My table looks like this:

+---------------------+---------------+------+-----+---------+----------------+
| Field               | Type          | Null | Key | Default | Extra          |
+---------------------+---------------+------+-----+---------+----------------+
| id                  | bigint(20)    | NO   | PRI | NULL    | auto_increment |
| profile_id          | int(11)       | YES  | MUL | NULL    |                |
| landing_page_id     | int(11)       | YES  | MUL | NULL    |                |
| keyword             | varchar(2083) | YES  |     | NULL    |                |
| position            | int(11)       | YES  | MUL | NULL    |                |
| impressions         | int(11)       | YES  | MUL | NULL    |                |
| ctr                 | float         | YES  | MUL | NULL    |                |
| clicks              | int(11)       | YES  | MUL | NULL    |                |
| unique_key          | varchar(200)  | YES  | UNI | NULL    |                |
| position_30_days    | int(11)       | YES  |     | NULL    |                |
| impressions_30_days | int(11)       | YES  |     | NULL    |                |
| clicks_30_days      | int(11)       | YES  |     | NULL    |                |
| ctr_30_days         | float         | YES  |     | NULL    |                |
| position_60_days    | int(11)       | YES  |     | NULL    |                |
| impressions_60_days | int(11)       | YES  |     | NULL    |                |
| clicks_60_days      | int(11)       | YES  |     | NULL    |                |
| ctr_60_days         | float         | YES  |     | NULL    |                |
| position_90_days    | int(11)       | YES  |     | NULL    |                |
| impressions_90_days | int(11)       | YES  |     | NULL    |                |
| clicks_90_days      | int(11)       | YES  |     | NULL    |                |
| ctr_90_days         | float         | YES  |     | NULL    |                |
+---------------------+---------------+------+-----+---------+----------------+

How to solve :

I know you bored from this bug, So we are here to help you! Take a deep breath and look at the explanation of your problem. We have many solutions to this problem, But we recommend you to use the first method because it is tested & true method that will 100% work for you.

Method 1

Storing the data in an ordered way maybe useful in some rare cases, but it doesn’t guarantee that the selected rows will be ordered. You will have to use order by to guarantee the order of the returned rows.

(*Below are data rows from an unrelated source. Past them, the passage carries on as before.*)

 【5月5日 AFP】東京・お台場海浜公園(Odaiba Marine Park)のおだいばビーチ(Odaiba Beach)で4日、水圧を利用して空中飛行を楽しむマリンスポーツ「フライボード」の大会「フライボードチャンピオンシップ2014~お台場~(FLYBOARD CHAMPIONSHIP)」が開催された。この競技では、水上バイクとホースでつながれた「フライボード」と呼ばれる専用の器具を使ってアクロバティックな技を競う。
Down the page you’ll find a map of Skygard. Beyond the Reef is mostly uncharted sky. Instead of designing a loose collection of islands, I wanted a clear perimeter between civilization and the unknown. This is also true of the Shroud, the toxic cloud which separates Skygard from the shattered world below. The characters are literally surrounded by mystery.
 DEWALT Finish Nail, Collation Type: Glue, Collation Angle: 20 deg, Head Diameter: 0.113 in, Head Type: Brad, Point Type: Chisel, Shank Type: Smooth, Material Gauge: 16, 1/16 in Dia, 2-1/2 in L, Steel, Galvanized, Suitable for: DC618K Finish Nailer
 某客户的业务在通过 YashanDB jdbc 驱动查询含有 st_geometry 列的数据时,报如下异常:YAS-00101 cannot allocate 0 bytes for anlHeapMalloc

Is it general practice? I don’t think so.

Should I avoid this? Yes, at least for this specific case

Alternative solution:

To let this query run faster, and reduce the sorting process, add a composite index on profileid ASC and on impressions DESC:

ALTER TABLE keywords ADD INDEX (profile_id ASC, impressions DESC).

IMPORTANT: drop the other index on profile_id (The name of the index you should drop will be displayed if you run “SHOW CREATE TABLE keywords“)

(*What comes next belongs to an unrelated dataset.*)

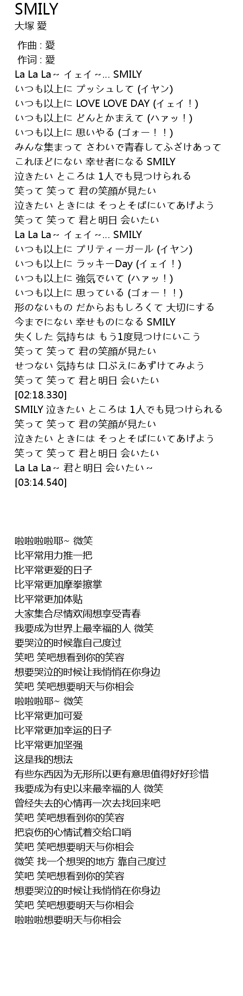 | [00:07.110] | La La La~ イェイ~… SMILY |

Other factors that could affect the performance:

  • The cardinality, or data distribution. For example, some profiles may have much more entries than others. A useful way to check that is:

    `SELECT profile_id, count(*) cc FROM keywords GROUP BY profile_id ORDER BY cc ASC limit 10;`
    `SELECT profile_id, count(*) cc FROM keywords GROUP BY profile_id ORDER BY cc DESC limit 10;`
    

    If the numbers are hugely different, the same query may vary in performance based on the number of rows a profile has.

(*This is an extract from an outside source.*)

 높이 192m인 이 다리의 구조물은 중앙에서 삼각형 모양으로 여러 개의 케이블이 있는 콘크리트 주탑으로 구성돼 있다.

  • If a profile has huge number of rows, using limit x, y will gradually worsen when x (the offset) get’s higher.

Method 2

(DESCRIBE is not as descriptive as SHOW CREATE TABLE; we can’t see what indexes you have.)

That one SELECT would benefit from this ‘composite’ index:

INDEX(profile_id, impressions) -- in that order.

Do you have a keyword that is 2083 characters long? If not, why have such a big VARCHAR?

Why have both unique_key and id? Is unique_key some form of UUID? They are notoriously inefficient when the table gets huge.

LIMIT ?, ? ... ($start, $end) — The two numbers in LIMIT are start and count, not end.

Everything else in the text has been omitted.